Jun isnt strong in his legs (he struggles with climbing and running, like a disability I guess) so he sits in my pockets or in my hoodie and is quite happy.

So I thought I had to train them to do it but they do it quite naturally, is it meant to be natural? When I read stuff it said I had to train them


----------



## ElectricPaladin (Jan 18, 2016)

I think it's just a matter of time and temperament. Mel used to be able to sit on my shoulder for a little while, but would eventually get antsy - now she will fall asleep inside a hood. But she still hates pockets.


----------



## moonkissed (Dec 26, 2011)

I think for most rats it is really just natural. I have had lots of rats and even little babies and they all seem to just naturally go for the shoulder and chill.

But all rats are unique and there are ofcourse some that do not like it. I have many rats who even though will climb to my shoulder are just too hyper to sit still there for long. They would rather go run off to do whatever.

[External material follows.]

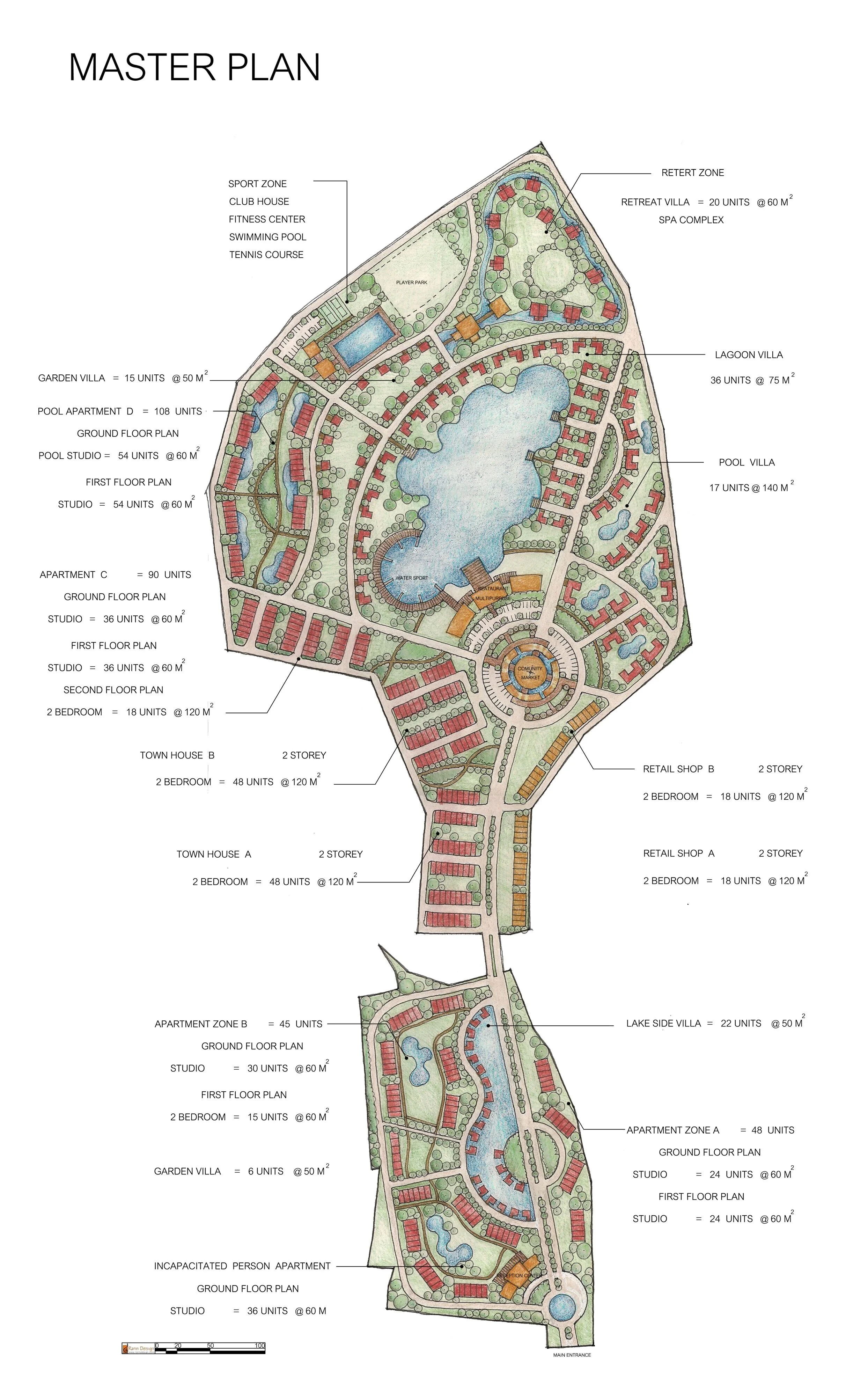 Development including golf course, hotels, yoga and wellness retreats, marina, residential and retail

If he likes to sit in your pockets or hoodie I would just be happy with that. They have bonding pouches or a RaToob you could use as well. He may just not be as confident. Give him time to build trust and confidence and he may change. But I wouldnt force it.


----------



## KayRatz (Apr 5, 2007)

i have always had rats that did it naturally. i only had one that hated going places with me... i had no idea a rat could drool before i had him.


----------



## Gribouilli (Dec 25, 2015)

Maybe they would like a ratoob instead of ridding on your shoulder? My male LOVE it!


----------



## JAnimal (Jul 23, 2014)

Only two of mine like to sit on my shoulder. The other two just climb right off.


----------



## Rat Daddy (Sep 25, 2011)

The first time I heard the term "shoulder rat" was when I was out shopping. Suddenly, from somewhere behind me a heavyset older lady shouted "Look Herb, the man has a shoulder rat!" Fuzzy Rat was an only rat at the time and she went everywhere with us. Typically, she liked to ride on my shoulder, looking backwards. This way she could see where she came from and get back to the car or the house on her own. She actually had a very remarkable ability to navigate vast distances by memorizing the landmark she saw along the way, in reverse order.

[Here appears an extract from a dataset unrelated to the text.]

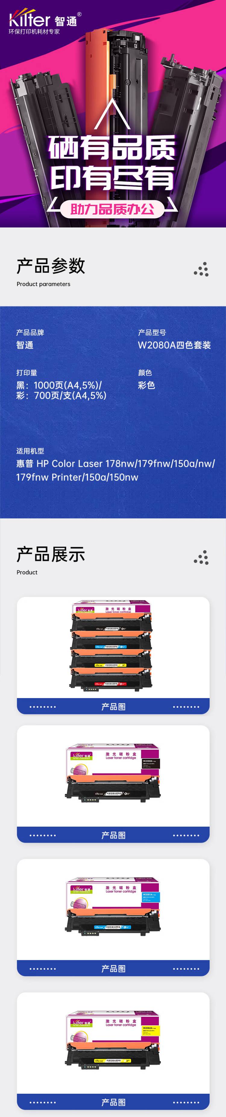 W2080A 硒鼓四色套装 带芯片 黑:1000页 彩:700页 (单位:支) 适用惠普178nw 179fnw 彩色

At the time, to my knowledge, there really wasn't a term for rats that could travel outdoors or to stores and restaurants with their humans. And "shoulder rat" seemed about as appropriate as any term was likely to be. For those very special rats that become truly outdoor competent, I probably coined the term "true shoulder rat". Having trained three true shoulder rats since Fuzzy Rat, I have found that not all shoulder rats prefer to ride on my shoulders. Cloud is older and on the pudgy side and prefers to be carried on my forearm. Misty prefers to ride under my jacket poking her nose out. But, when my hands are occupied, I still have a tendency to plunk them on my shoulder so I can get things done. And all of our rats do understand the "shoulder rat" command so they stay put on my shoulder when I need my hands.


Inside your home some rats will just naturally tend to ride along with you on your shoulder, while others prefer to explore under their own power. But, when I talk about training shoulder rats, I'm generally talking about training rats that go outdoors. A limited shoulder rat is typically generally safe to take back and forth to your car, perhaps on short walks on your shoulder and into certain places of business while being carefully supervised. A true shoulder rat, however, is competent to be put on the ground and it will follow you or even go off and explore, but will always come back to you within a reasonable timeframe.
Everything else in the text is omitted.